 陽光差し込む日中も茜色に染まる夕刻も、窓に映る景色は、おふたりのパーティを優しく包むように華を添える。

◇ ◇ ◇ ◇

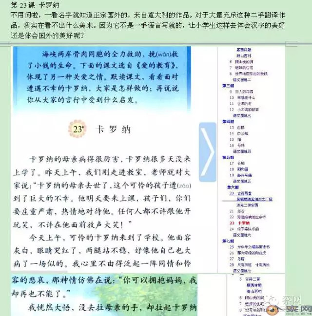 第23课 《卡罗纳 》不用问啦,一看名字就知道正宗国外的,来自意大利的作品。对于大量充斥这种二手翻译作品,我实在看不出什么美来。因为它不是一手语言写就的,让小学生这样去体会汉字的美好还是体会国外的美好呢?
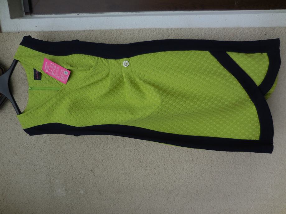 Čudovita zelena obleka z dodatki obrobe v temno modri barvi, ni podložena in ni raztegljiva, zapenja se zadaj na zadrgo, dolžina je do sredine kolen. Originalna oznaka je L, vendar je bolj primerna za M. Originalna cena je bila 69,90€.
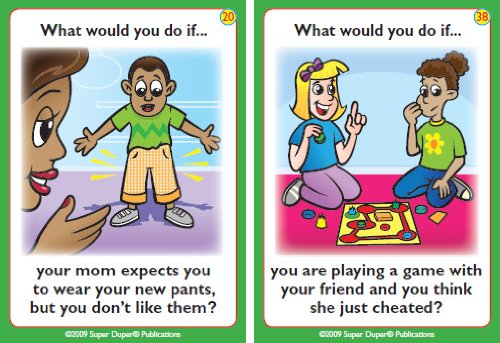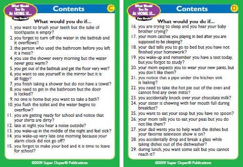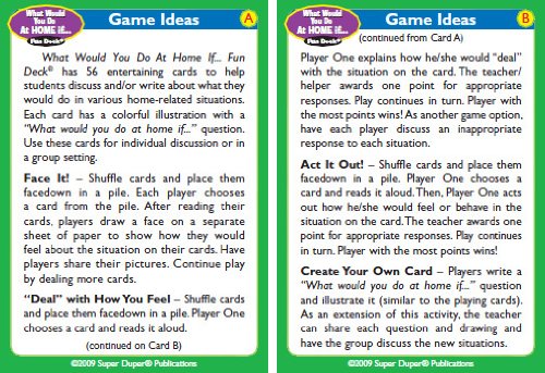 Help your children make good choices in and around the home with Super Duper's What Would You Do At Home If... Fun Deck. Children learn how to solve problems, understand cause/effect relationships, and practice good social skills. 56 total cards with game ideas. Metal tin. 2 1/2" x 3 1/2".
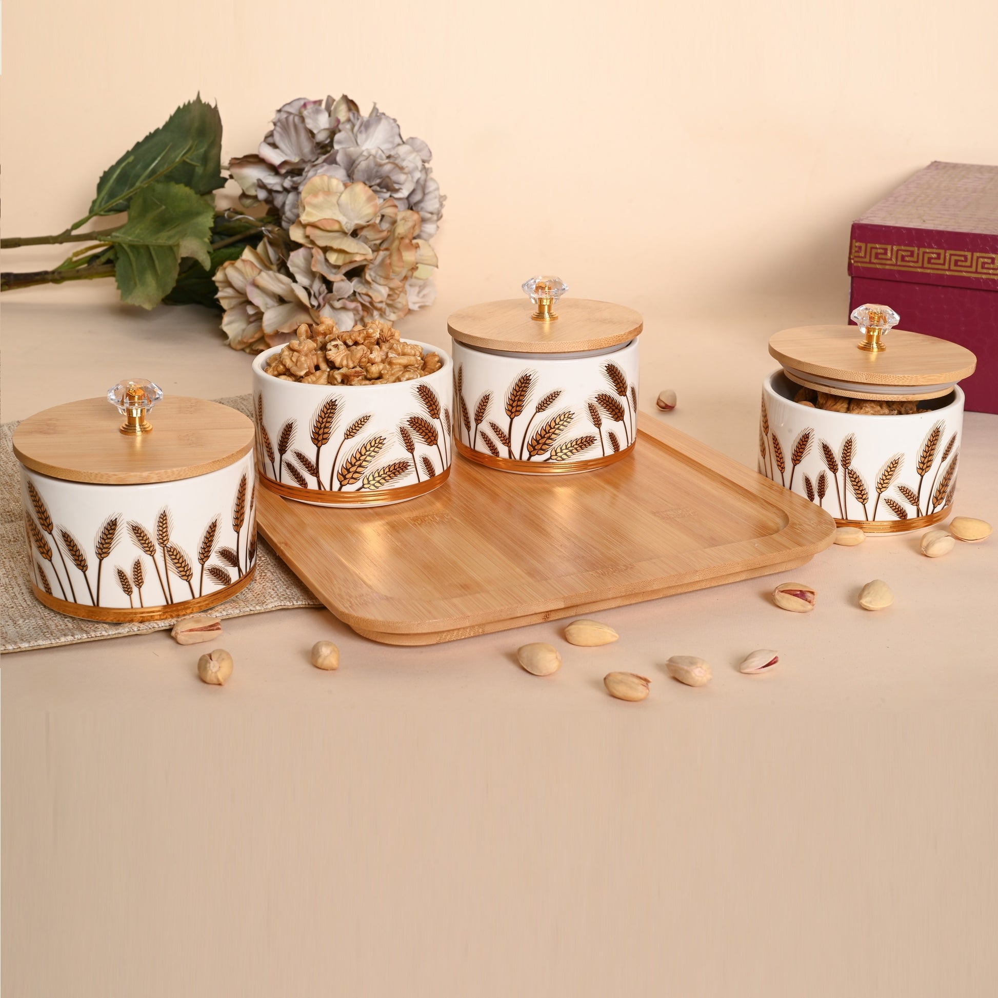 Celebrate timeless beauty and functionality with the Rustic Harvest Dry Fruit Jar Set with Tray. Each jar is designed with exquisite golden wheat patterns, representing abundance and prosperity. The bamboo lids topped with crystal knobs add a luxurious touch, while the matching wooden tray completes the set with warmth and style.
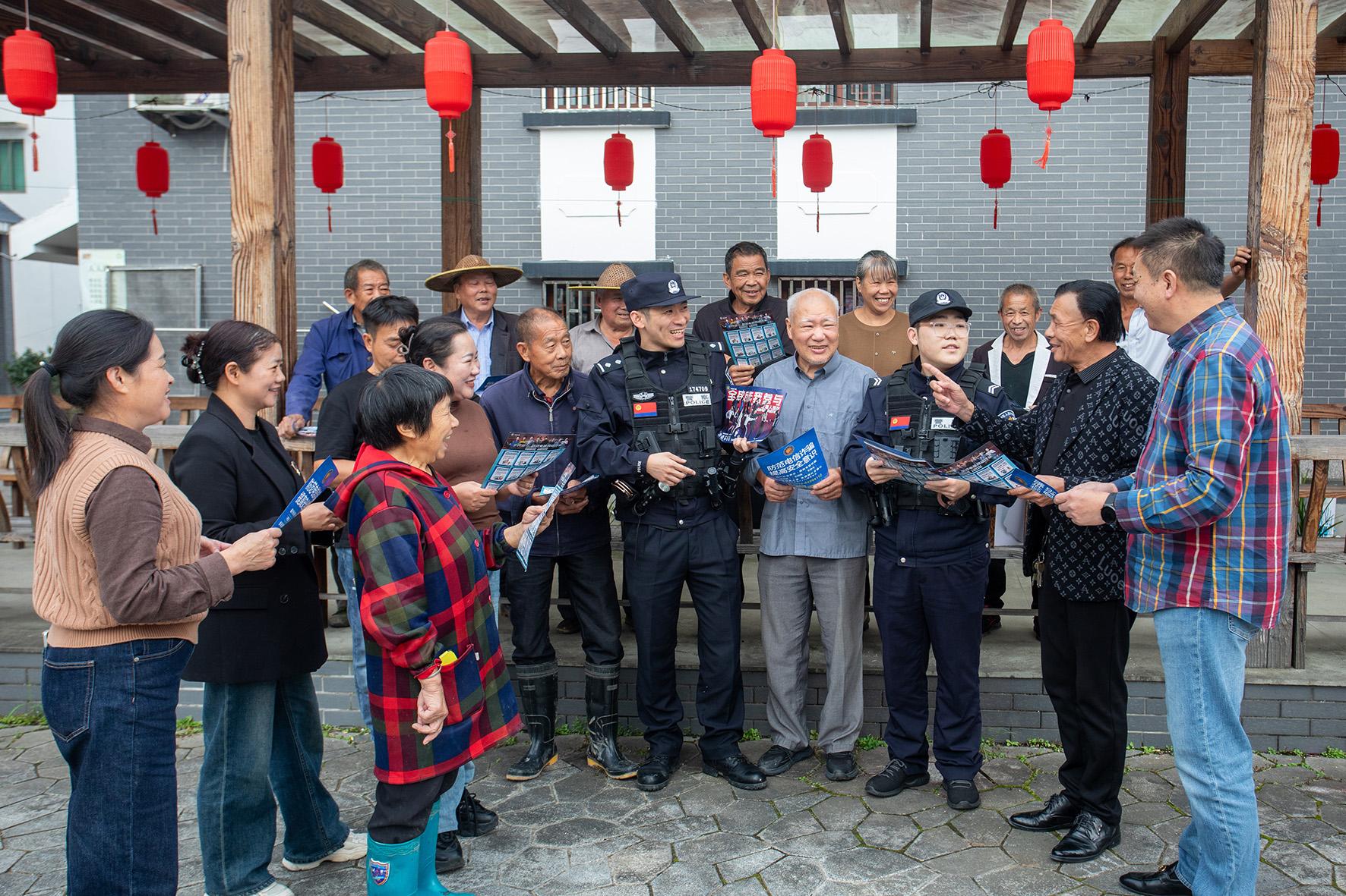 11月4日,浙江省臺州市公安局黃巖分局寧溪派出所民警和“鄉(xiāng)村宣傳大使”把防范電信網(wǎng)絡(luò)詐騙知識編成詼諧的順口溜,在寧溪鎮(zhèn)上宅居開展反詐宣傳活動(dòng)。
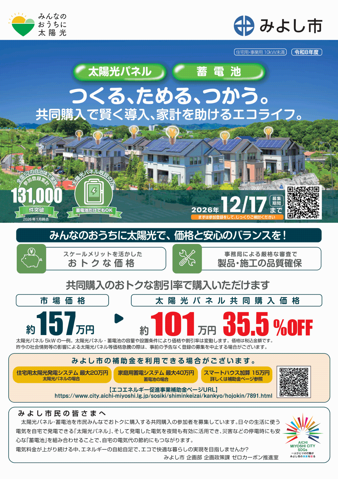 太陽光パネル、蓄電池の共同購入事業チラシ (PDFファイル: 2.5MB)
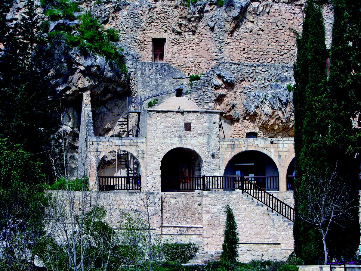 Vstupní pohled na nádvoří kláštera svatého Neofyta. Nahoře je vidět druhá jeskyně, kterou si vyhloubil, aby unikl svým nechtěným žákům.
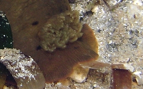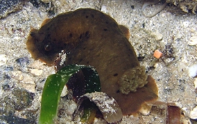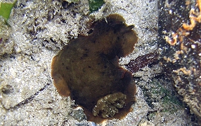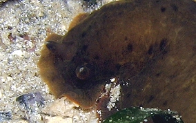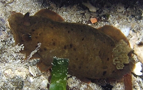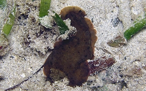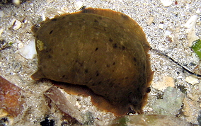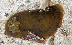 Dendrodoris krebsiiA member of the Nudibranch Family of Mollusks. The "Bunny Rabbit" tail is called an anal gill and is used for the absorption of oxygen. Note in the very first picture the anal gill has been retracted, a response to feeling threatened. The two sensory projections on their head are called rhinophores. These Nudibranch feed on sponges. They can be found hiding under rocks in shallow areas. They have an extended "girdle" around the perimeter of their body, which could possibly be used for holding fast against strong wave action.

◇ ◇ ◇ ◇

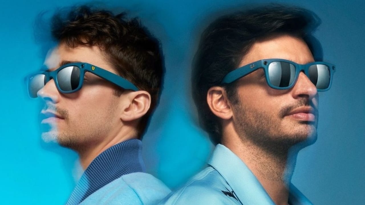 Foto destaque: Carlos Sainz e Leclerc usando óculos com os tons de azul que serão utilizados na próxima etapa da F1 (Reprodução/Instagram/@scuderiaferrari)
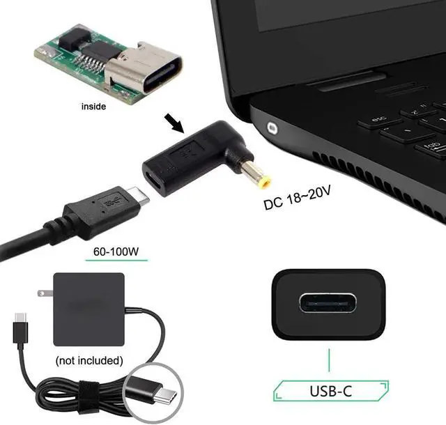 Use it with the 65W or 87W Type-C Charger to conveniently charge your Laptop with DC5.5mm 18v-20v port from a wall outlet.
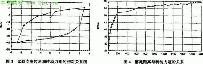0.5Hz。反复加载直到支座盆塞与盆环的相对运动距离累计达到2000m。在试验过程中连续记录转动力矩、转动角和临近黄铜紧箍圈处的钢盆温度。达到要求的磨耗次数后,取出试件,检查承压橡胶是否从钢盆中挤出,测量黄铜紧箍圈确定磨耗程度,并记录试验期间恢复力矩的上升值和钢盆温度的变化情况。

◇ ◇ ◇ ◇

HOW TO COMPLETE THIS TASK — From the material above, output only the span of lines that starts at the one containing "11月4日,浙江省臺州市公安" and finishes at the one containing "Vstupní pohled na", word for word and free of pictures.

OUTPUT BELOW —
 11月4日,浙江省臺州市公安局黃巖分局寧溪派出所民警和“鄉(xiāng)村宣傳大使”把防范電信網(wǎng)絡(luò)詐騙知識編成詼諧的順口溜,在寧溪鎮(zhèn)上宅居開展反詐宣傳活動(dòng)。
 太陽光パネル、蓄電池の共同購入事業チラシ (PDFファイル: 2.5MB)
 Vstupní pohled na nádvoří kláštera svatého Neofyta. Nahoře je vidět druhá jeskyně, kterou si vyhloubil, aby unikl svým nechtěným žákům.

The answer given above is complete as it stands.